Maibom used the example of factoring farming, particularly in North America, which was extremely ruthless and where animals were kept in horrific conditions so that people could have cheap meat. She said people knew of these conditions; it was easy to find out about it and had been known for a long time and despite this the number of vegetarians had not risen significantly in the US. Ordinary people who loved their dogs and feed the birds; “they go down to the supermarket and buy cheap meat that had been produced under conditions of horrific distress to the animal.” She said there was cultural acceptance of it, and it extended to the business world. “It is much easier for the kind of callous unconcerned short term thinking to flourish in business because of the culture.”

Maibom said there might be a disproportionate number of psychopaths in the business world, but “we also you’ve got to ask yourself; why are there so many people who are not psychopaths who do the same things.” Part of the reason that psychopaths could flourish within the business world was because “the business world was psychopathic in a certain way.” She said it was all focused on short term prospects, doing good to the shareholders and not caring about the environmental impact. “Modern businesses are kind of psychopathic structures.”

Maibom said part of the business structure made it easier to harbour psychopaths in certain areas. “When it comes to firing people, psychopaths might be great at that… may even take pleasure in firing people.” But she said in the longer term, they were not useful.
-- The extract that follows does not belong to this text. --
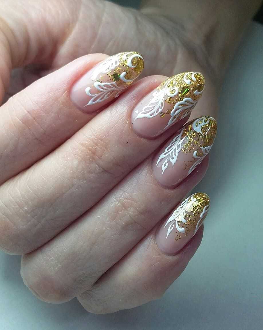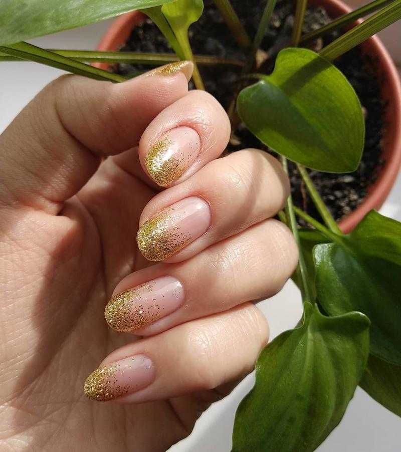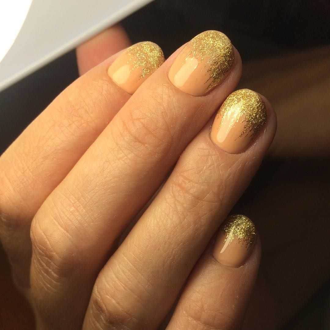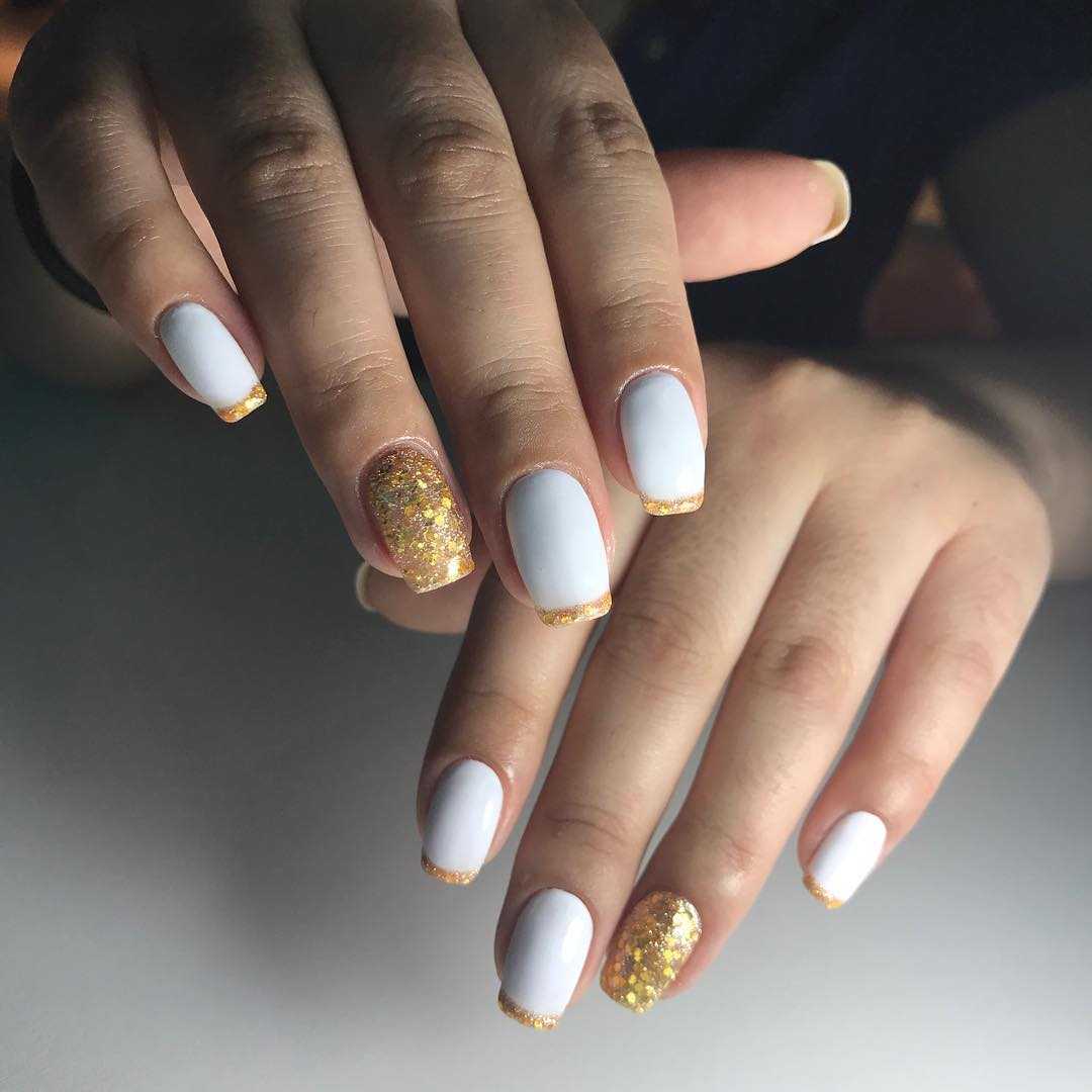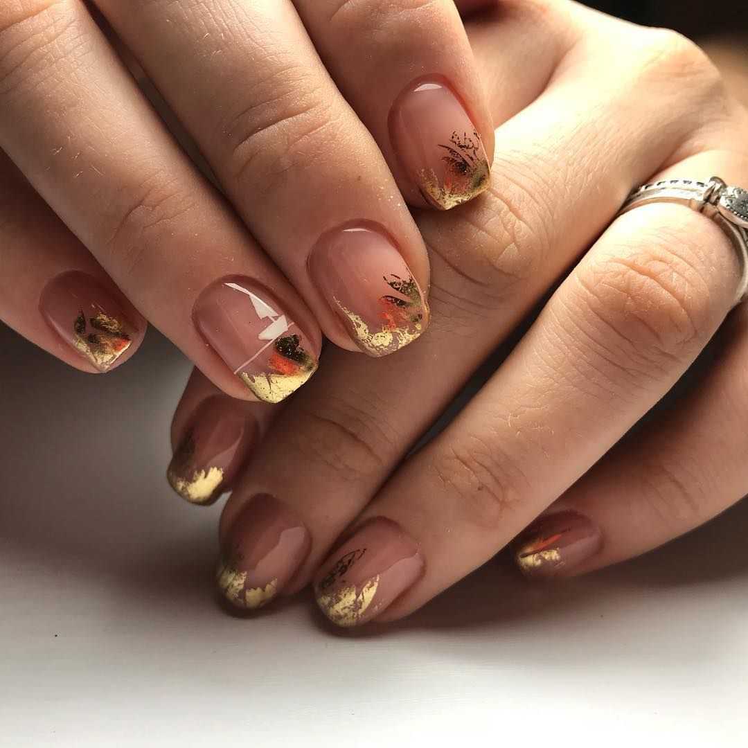 Ещё один удачный вариант такого дизайна — роскошное золото со сверкающими акцентами оранжевого цвета. Благодаря этим цветам молочный маникюр обретает свежесть и привлекательность.

People who were upright and honest were not going to go along and be manipulated as easily. Eventually it becomes a liability to harbour psychopaths.

Maibom said she believed the incentive structure for businesses were driving the psychopathic behaviours of people high up in the business world; the drive to take companies public had increased ruthlessness. There was an exclusive concern with shareholders as opposed to employees or the environment. She quoted the example of Henry Ford in the early automobile industry in the US which used to be the opposite of present day culture. “People had good jobs… people were living in the neighbourhood… there wasn’t a huge divide between rich and poor.” She said subsequently there had been a failure for the super-rich to have any idea of what it was like to be an ordinary human being.